### EXTRACTED DATA
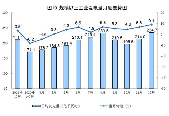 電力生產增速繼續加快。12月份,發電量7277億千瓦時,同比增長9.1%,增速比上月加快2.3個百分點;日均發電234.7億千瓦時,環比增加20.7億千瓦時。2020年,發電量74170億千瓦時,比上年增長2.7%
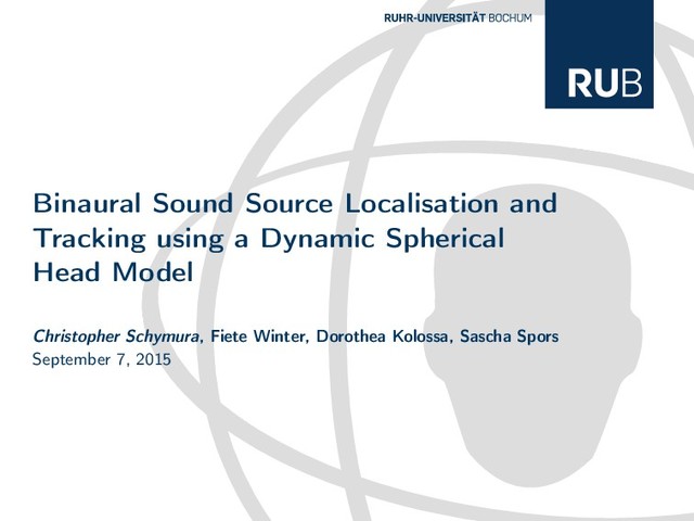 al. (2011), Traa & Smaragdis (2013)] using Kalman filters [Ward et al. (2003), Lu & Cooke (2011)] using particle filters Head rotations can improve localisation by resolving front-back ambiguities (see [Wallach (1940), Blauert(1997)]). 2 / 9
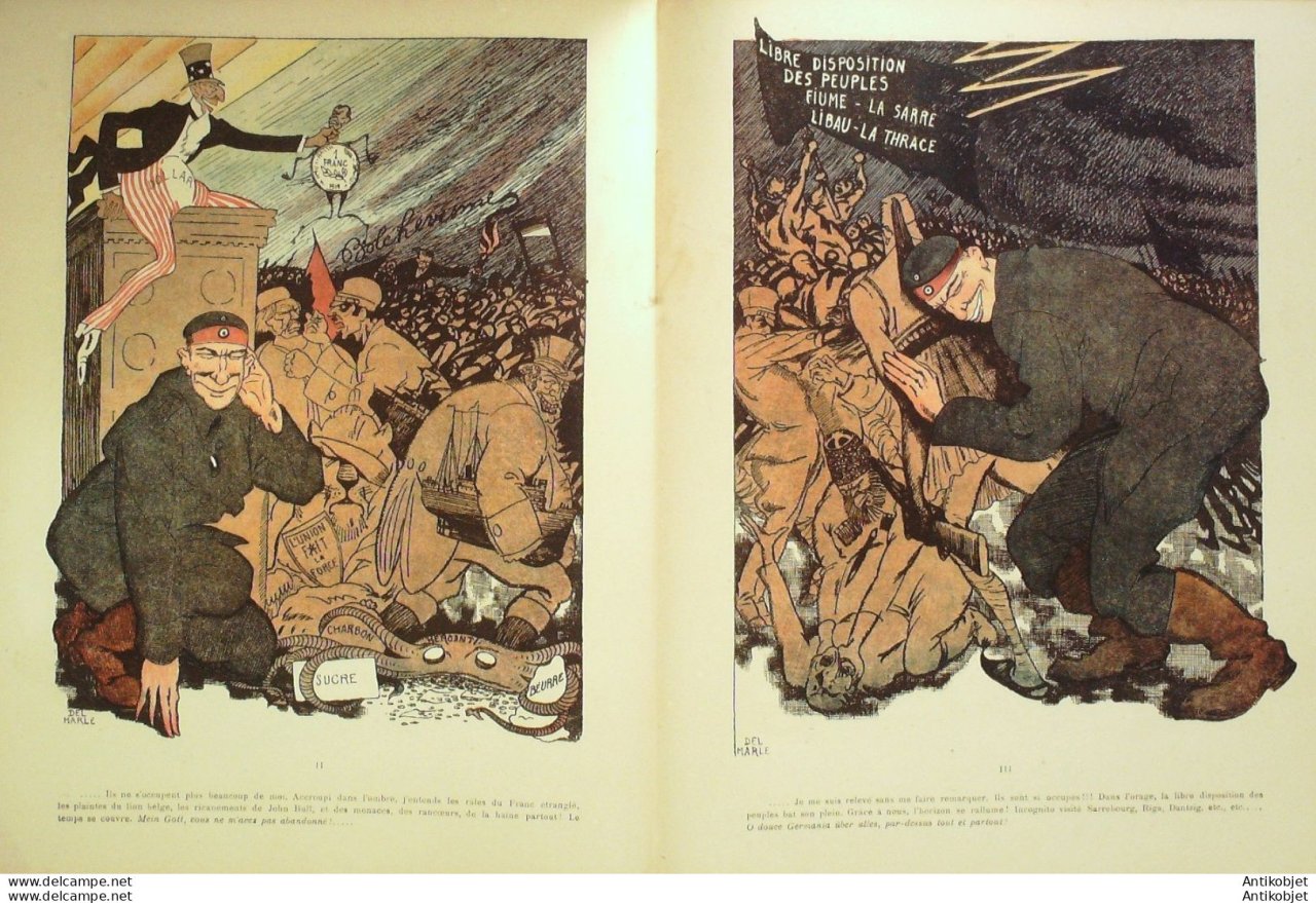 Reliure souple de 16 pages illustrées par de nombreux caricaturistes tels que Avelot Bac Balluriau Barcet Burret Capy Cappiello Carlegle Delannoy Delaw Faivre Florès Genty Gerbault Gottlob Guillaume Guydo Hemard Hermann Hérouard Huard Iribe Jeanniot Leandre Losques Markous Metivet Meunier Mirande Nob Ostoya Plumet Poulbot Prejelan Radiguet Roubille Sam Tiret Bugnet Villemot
---
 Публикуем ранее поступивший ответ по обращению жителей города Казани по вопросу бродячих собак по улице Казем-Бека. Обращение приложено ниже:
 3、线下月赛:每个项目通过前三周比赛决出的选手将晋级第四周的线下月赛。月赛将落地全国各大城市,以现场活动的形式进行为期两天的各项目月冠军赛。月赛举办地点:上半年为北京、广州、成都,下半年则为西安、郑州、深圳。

### INSTRUCTIONS FOR THE TASK
What you return should be exactly the lines above, starting at the one with "Публикуем ранее поступивший" and ending at the one with "3、线下月赛:每个项目通过前", and nothing else.

### EXPECTED ANSWER
 Публикуем ранее поступивший ответ по обращению жителей города Казани по вопросу бродячих собак по улице Казем-Бека. Обращение приложено ниже:
 3、线下月赛:每个项目通过前三周比赛决出的选手将晋级第四周的线下月赛。月赛将落地全国各大城市,以现场活动的形式进行为期两天的各项目月冠军赛。月赛举办地点:上半年为北京、广州、成都,下半年则为西安、郑州、深圳。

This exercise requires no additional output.